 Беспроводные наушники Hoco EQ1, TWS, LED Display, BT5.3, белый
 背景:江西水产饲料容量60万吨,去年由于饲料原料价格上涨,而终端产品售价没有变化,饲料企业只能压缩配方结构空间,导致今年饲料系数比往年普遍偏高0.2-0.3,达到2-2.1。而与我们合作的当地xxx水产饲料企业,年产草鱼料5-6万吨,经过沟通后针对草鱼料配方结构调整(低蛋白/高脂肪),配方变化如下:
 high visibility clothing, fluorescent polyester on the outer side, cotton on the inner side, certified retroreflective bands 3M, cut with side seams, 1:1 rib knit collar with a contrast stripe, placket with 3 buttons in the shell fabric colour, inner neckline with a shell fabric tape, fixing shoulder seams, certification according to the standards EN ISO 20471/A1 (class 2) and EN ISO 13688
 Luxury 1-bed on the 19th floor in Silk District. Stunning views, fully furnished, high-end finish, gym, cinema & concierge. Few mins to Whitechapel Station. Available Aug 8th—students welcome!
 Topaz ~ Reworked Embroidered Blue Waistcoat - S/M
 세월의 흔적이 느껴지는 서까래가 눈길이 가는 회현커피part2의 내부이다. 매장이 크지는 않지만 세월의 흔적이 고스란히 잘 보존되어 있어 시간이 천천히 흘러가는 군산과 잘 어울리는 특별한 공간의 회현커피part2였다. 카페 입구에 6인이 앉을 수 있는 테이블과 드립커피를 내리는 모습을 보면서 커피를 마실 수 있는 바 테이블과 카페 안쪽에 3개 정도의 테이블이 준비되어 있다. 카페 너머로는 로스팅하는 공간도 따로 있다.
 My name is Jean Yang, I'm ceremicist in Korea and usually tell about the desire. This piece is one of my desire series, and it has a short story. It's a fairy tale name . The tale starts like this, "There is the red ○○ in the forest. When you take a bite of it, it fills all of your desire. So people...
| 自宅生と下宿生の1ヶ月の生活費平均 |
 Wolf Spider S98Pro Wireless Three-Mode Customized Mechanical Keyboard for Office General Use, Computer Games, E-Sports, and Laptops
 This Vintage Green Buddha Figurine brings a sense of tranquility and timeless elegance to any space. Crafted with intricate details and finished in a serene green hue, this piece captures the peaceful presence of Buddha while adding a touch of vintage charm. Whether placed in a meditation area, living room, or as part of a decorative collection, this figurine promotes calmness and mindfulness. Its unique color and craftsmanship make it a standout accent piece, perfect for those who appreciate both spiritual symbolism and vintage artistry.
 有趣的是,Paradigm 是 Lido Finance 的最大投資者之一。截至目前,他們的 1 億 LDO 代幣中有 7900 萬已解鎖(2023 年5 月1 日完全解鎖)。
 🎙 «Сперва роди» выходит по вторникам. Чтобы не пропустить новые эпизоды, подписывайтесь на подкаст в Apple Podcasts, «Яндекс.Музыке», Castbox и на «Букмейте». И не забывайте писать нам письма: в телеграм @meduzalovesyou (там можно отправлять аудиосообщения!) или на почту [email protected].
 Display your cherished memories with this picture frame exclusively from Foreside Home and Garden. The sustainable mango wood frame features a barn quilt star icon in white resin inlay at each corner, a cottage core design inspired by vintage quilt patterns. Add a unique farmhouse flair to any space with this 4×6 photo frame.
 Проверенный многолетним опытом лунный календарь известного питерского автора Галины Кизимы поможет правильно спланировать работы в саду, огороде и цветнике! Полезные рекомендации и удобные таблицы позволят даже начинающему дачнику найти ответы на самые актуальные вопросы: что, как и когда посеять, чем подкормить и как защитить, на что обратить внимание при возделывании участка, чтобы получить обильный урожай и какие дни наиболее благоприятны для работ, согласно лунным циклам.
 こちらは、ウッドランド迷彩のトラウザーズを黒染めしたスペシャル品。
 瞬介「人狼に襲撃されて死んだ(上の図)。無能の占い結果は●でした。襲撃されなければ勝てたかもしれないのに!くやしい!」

---

**What to do:**
For the string "Display", filter the data and copy out each line where it occurs.

**Written reply:**
 Беспроводные наушники Hoco EQ1, TWS, LED Display, BT5.3, белый
 Display your cherished memories with this picture frame exclusively from Foreside Home and Garden. The sustainable mango wood frame features a barn quilt star icon in white resin inlay at each corner, a cottage core design inspired by vintage quilt patterns. Add a unique farmhouse flair to any space with this 4×6 photo frame.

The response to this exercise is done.